The list of actions concluded by reflecting on the devastation brought on by the atomic bombings of Hiroshima and Nagasaki, urging world leaders to remember the grave humanitarian consequences of nuclear war. Experts and laureates called on every nation to increase investments and cooperative research into the impacts of nuclear conflict including, environmentally, socially, militarily and economically.
“This meeting was both fascinating and foreboding to me at the same time. There are many aspects to consider when nuclear conflicts, deterrence, AI, missile defenses, and international agreements are concerned, and I was fortunate to be able to learn about and discuss these issues with the arms control experts at the meeting,” explains William E. Moerner. “Contemplating the increasing probability of nuclear war took me back to my childhood in the 1960s, when the concern at that time included details in the general press about personal bomb shelters, fallout, drills, etc. In the decades since, I have marveled that nuclear war did not happen, partly due to the well-known concept that “cooler heads prevailed”. Today, I don’t see as many “cooler heads” holding the reins of power, which concerns me greatly.”

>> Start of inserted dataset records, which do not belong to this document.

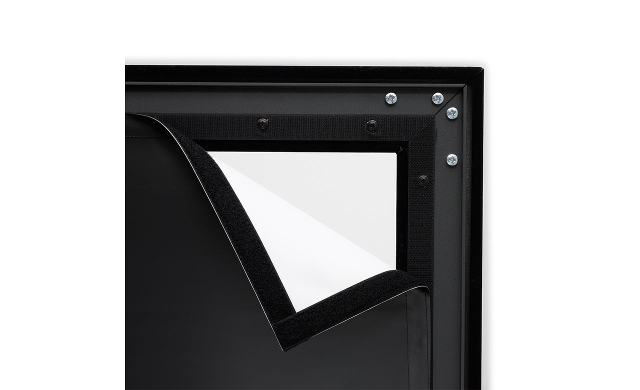 Специальные функцииАлюминиевая рама шириной 8 см со скосами 3 см покрыта бархатом, поглощающим проекционный свет. Плоская поверхность экрана подходит для любых типов видео. Рама и проекционное полотно могут быть изготовлены на заказ.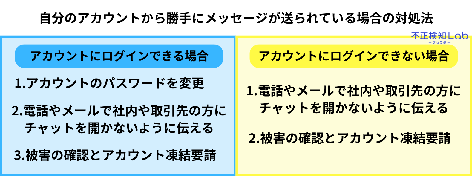 また、なりすまし詐欺で取引先の名前を使用していたら、取引先に不正に利用されてると教えてあげることで、二次被害を防ぐことができます。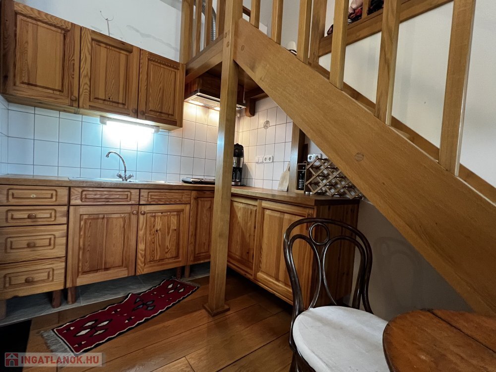 Integrált boltíves pincével, konyha-étkező/társalgóval, hálószobával, fürdővel.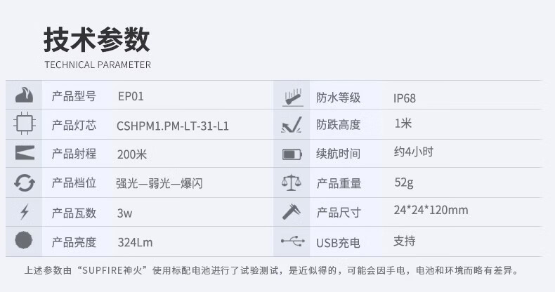 神火 多档位防爆手电 EP01 3W 24*24*120mm 1个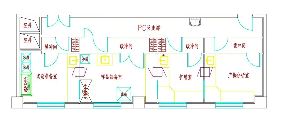 PCR實驗室原則上為試劑準備區、樣品制備區、擴增區和擴增產物分析區四個單獨的工作區域并設有專用走廊,各工作區域應設緩沖間,工作區與緩沖間宜安裝連鎖裝置。不同功能的工作區應是分隔獨立的,各工作區有明顯的標志,不能直通,如果緊密相連,需安裝物品傳遞窗。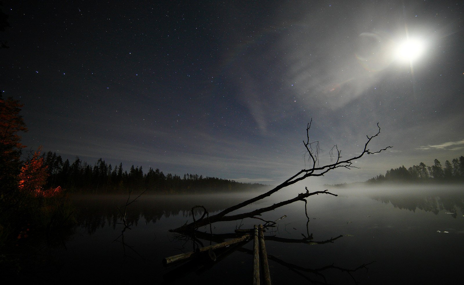Скорее всего та ночь была первой этой осенью когда столбик термометра опустился таки ниже нуля. Убывающая, но еще яркая Луна создавала мистическую атмосферу, освещая дымку над водной гладью .... удивительно было наблюдать как сильно изменилось столь знакомое место в этих обстоятельствах....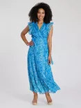 South Beach Printed Chiffon Frill Wrap Midi Dress, Multi, Multi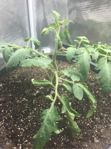 In comparison this tomato is being grown under a 200 watt T-5 ho light. Measuring again with the PAR meter the maximum intensity available is 350 uMols. I have it set it at the height above canopy for maximum. The leaves of this plant do not have the same dark green as the other. The internodal length length is much longer and total leaf mass is less. Soon will have an idea of how it effects the most important quality..fruit weight. Both plants are forming a first truss mega at the same time.
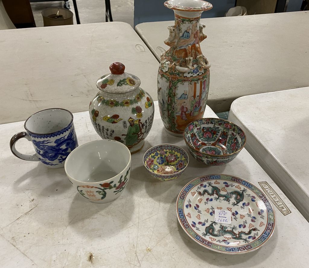 Group of Chinese Porcelain. Hand painted vase, ginger jar, soup bowls, and mug Group of Chinese Porcelain. Hand painted vase, ginger jar, soup bowls, and mug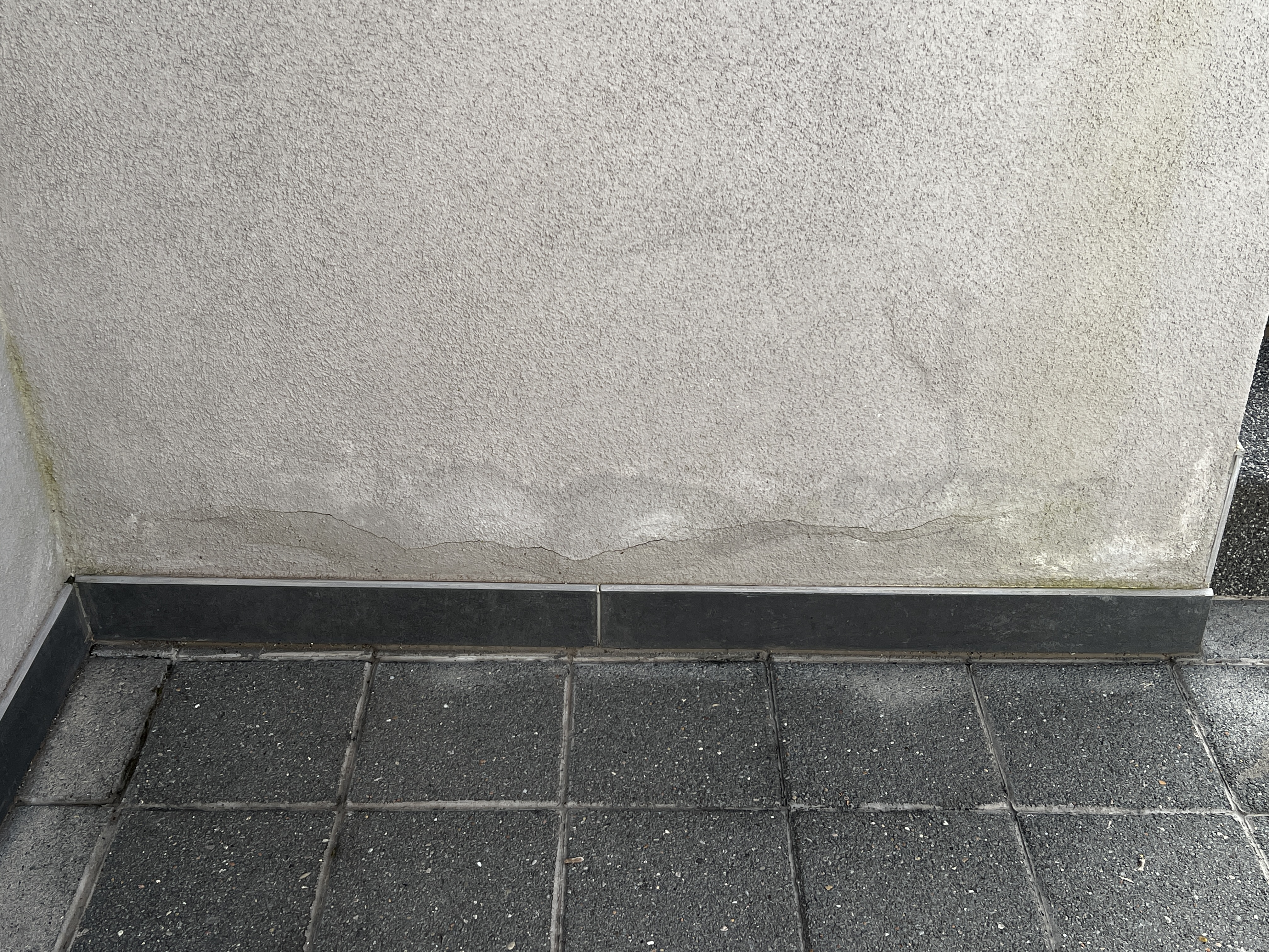 folgendes Problem: an der Außenwand unserer Garage (rechtsseitig mit angebautem Treppenaufgang) habe ich immer wieder Winterschäden in der Form, dass überall der Verputz aufplatzt. Bislang war der Verputz vom Vorbesitzer wohl direkt bis auf den Boden, bzw. die Treppenstufen gezogen worden. Letztes Jahr hatte ich dann in guter Absicht Sockelfliesen am Treppenaufgang angebracht in der Hoffnung, dass es dadurch besser wird. Im Ergebnis ist es jetzt schlimmer als jemals zuvor. An zahlreichen Stellen ca. 20 bis 30cm über der Sockelfliese gibt es großflächige Bruchstellen.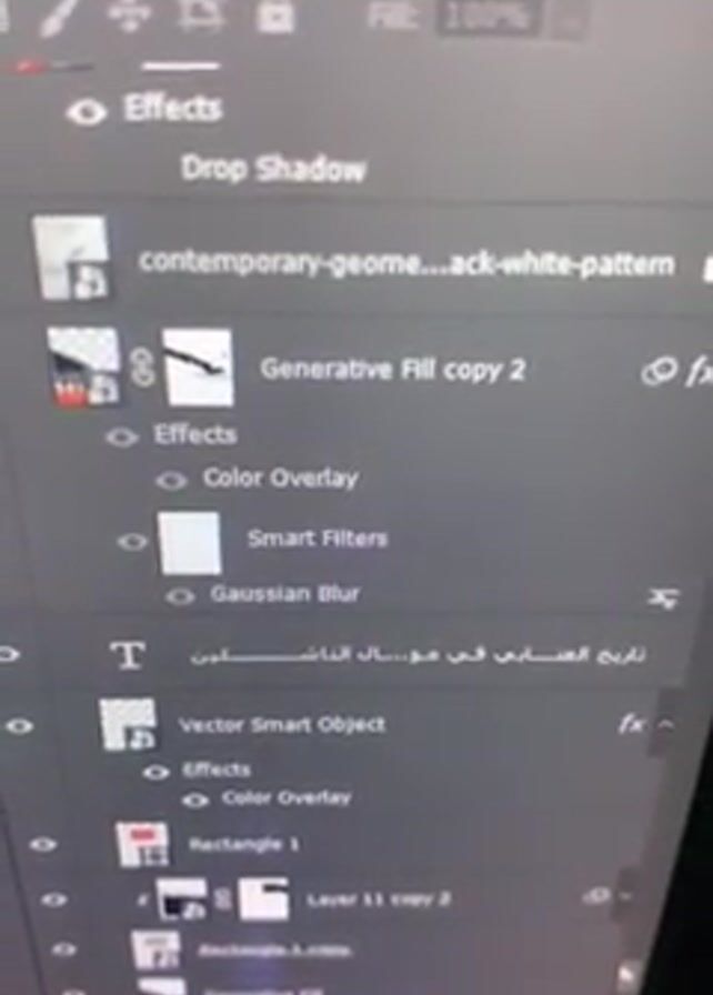 close-up view of a computer screen displaying the layers panel in Adobe Photoshop. The screen resolution is sufficient to discern numerous layers, effects, and smart objects, indicating a complex image editing project. The layers range from image files, text layers in Arabic, and vector smart objects to effects like color overlays, drop shadows, Gaussian blur, and smart filters. The opacity and fill are at 100%. The screen's date is visible as 10/26/2023.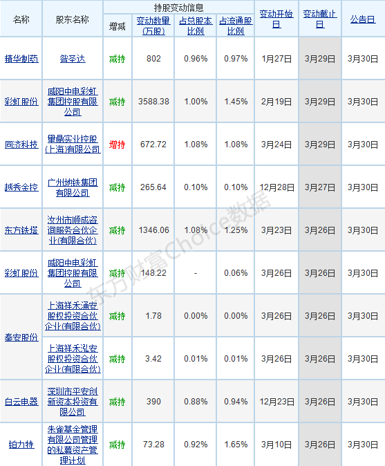 【股东增减持变动进展】

The conference culminated with a public concert from the Grammy-Award-winning Kronos Quartet and guest singer Allison Russell. The performance included a rendition of the 1962 Bob Dylan song “A Hard Rain’s A-Gonna Fall,” and string quartet instrumental pieces interwoven with spoken-word stories from experts at the conference, of nuclear near-misses and moments that almost ended the world. The result was not only an artistic achievement but an illustration of global unity in the face of indiscriminate threats.
Scott Sagan noted, “Bob Dylan ended “Hard Rain” with the moving lyric ‘I’ll know my songs well, before I start singing.’ That is what this meeting of Nobel Laureates and nuclear experts did for all of us. We discussed multiple nuclear risks and potential solutions from many different perspectives and it helped us better craft a statement about practical steps to reduce the danger of nuclear war.”
The declaration left readers with a final plea from Nobel Laureates Bertrand Russell and Albert Einstein: “We appeal as human beings to human beings: remember your humanity and forget the rest.” A call that left laureates and experts with a sobering reminder: “Our survival and the survival of future generations are at stake.”